May I suggest it would be more user friendly if it could also have an automatic setting in addition to setting a manual number of frames, if you could just set runahead frames to “Auto” instead of 1, 2, 3… So it would automatically use 1 frame for the NES cores and 2 frames for the SNES cores for example, if that is known to work without any issues?

Auto would not be optimally tweaked for every game, yet, but as an easy to use “set it and forget it” option to get going. It might be possible to have this optimized per game but for now it could be set per core to begin with. It could also use a database of known and tested games and if the game has been tested simply set runahead to match, otherwise run without, so it will automatically be able to adjust more games as time goes on and the database grows with this info available…

Next, I tried out Super Mario 3 with Nestopia however that did not go so perfectly for me the sound is chopping. I increased the latency from 48ms which I used without problems before to 64ms and also tried 128ms. It seems this core is not yet handling this properly and changing the audio latency made no difference at all. Nestopia is already very low latency even without this though.

Either way something’s wrong here, framerate seems OK but the sound is not (I’m using OpenAL if that makes any difference). I didn’t enable the new statistics overlay but maybe I have some obvious problem with performance, or is Nestopia less optimized or it’s just not patched for this? The core still runs normally without runahead.

Speaking of user friendly menu options and audio performance… How about having just 48, 96, 192 kHz output rates to choose from? Then it only takes a couple of presses to go to from 48000 to 192000 for example. Well, at least the menu goes in 100Hz steps as it is already, still it’s faster to edit the config file externally than using the GUI to change that option :slight_smile:

I’m using Nearest resampling and 192kHz rate having desktop composition (“compton” in my case) turned off so this Chromebook can run Snes9x flawlessly. With threaded video enabled it also handles 2 frames runahead, didn’t think I’d be able to get away with any runahead for SNES on this system but performance is perfect, great work!

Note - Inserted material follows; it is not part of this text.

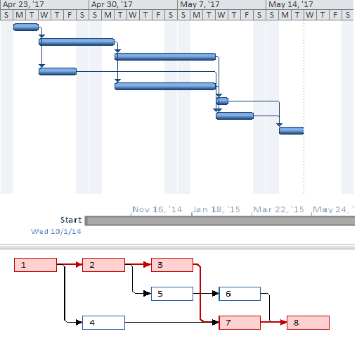 Critical path: 1-2-3-7-8

mdrejhon, how does it behave on dos games on 60hz screen with beamracing? A lot of them are 70fps.

2 frames isn’t safe for SNES, many games have just 1 frame of lag.

The best way to be sure of how many frames of run ahead to use if you’re not sure is to pause with P and advance the frame with K while holding down an action button. Super Mario World has 2 frames of lag while Donkey Kong Country and F-Zero have 1 frame of lag.

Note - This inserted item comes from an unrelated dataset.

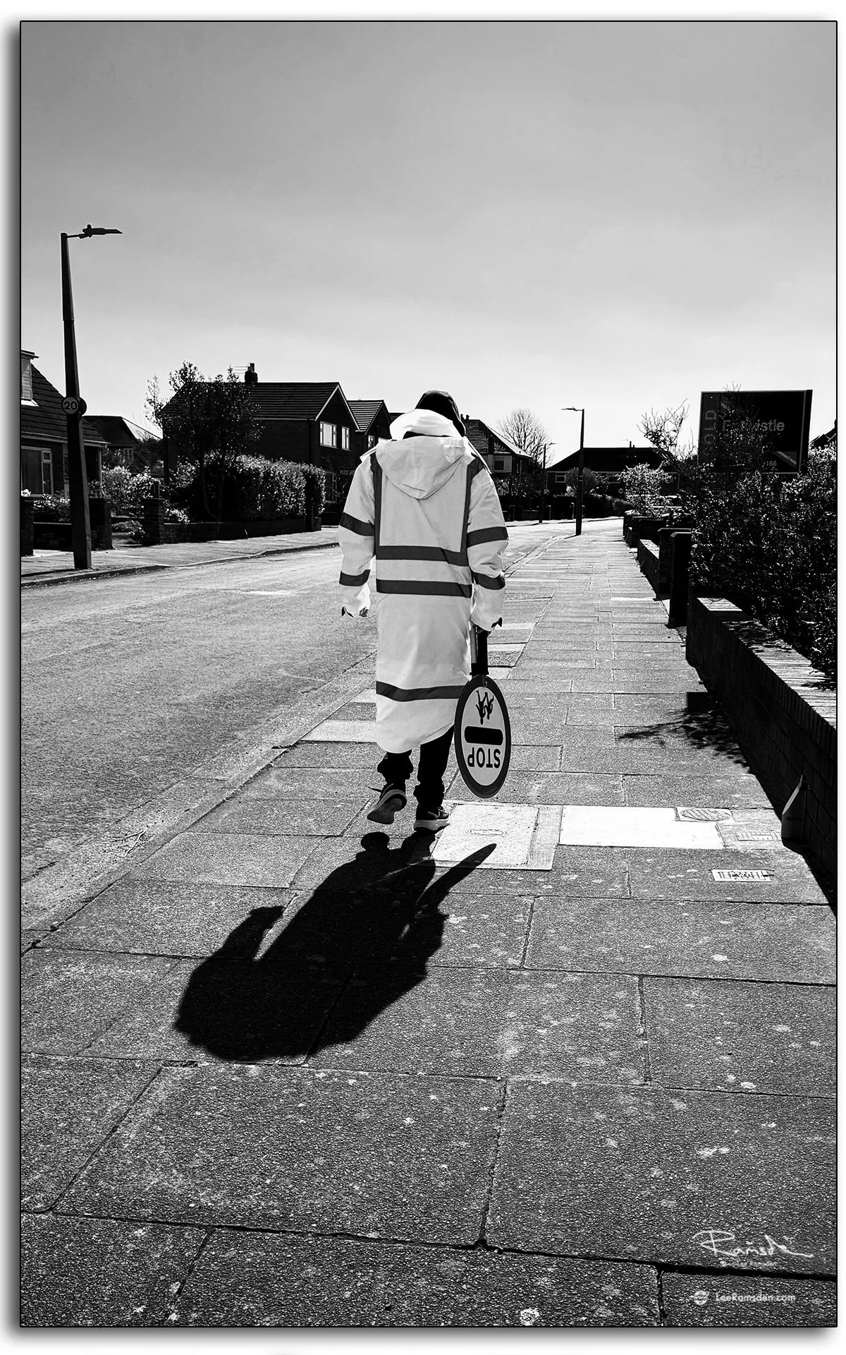 These photographs focus on ordinary subjects seen in a different light. The first isolates a pigeon against a clear sky, with architectural detail in the background adding context and balance. The second captures a lollipop man walking away, his shadow stretching across the pavement.

Nestopia is compatible with run ahead. You need to make sure that “run ahead second instance” is on when using it with Nestopia or the audio will render the game unplayable.

Beam racing is mainly recommended for refresh rates higher than frame rates. Beamracing 60fps on 75Hz would be cherrypicking 60 refreshcycles out of 75 to beamrace. It’d be just as stuttery as VSYNC ON if you do that.

To do it in a forgiving way, “programming it in a way to round-off the beamrace-begins to the nearest refresh cycle and then beam racing that” would prevent a beamracing failures. If, for whatever reason, the user stubbornly kept their display at an odd refresh rate. It would click naturally for things like 60fps@120Hz, but would roundoff to the nearest VSYNCs for the odd Hz situation.

Now… Beamracing 70fps on 60Hz could theoretically be achieved by cherrypicking 60 refreshcycles and offscreen/framedropping 10 of them. But you’d have to surge-execute 10 of them, or you’d have to use a intermediate rolling frameslice queue (which creates a minor input-lag slewing artifact, but still less bad than some existing surge-execution input-lag-slew artifacts in today’s emulators when running VSYNC ON 60fps@odd Hz). I wouldn’t bother with such complexity though.

I say just make it beamrace VRR compatible and bedonewithit, to cover fps>Hz situations, and if an opensource programmer want to tweak it to be compatible with fps<Hz situation, let them. One can self-detect beam fallbehinds (failures to keep up) and switch to “surge execute the whole frame” approach to catch up. So beamracing can be selectively ignored on the fly even when beamracing is enabled in a situation that is suddenly incompatible (screen got rotated, screen lowered in Hz, screen went into windowed mode, etc).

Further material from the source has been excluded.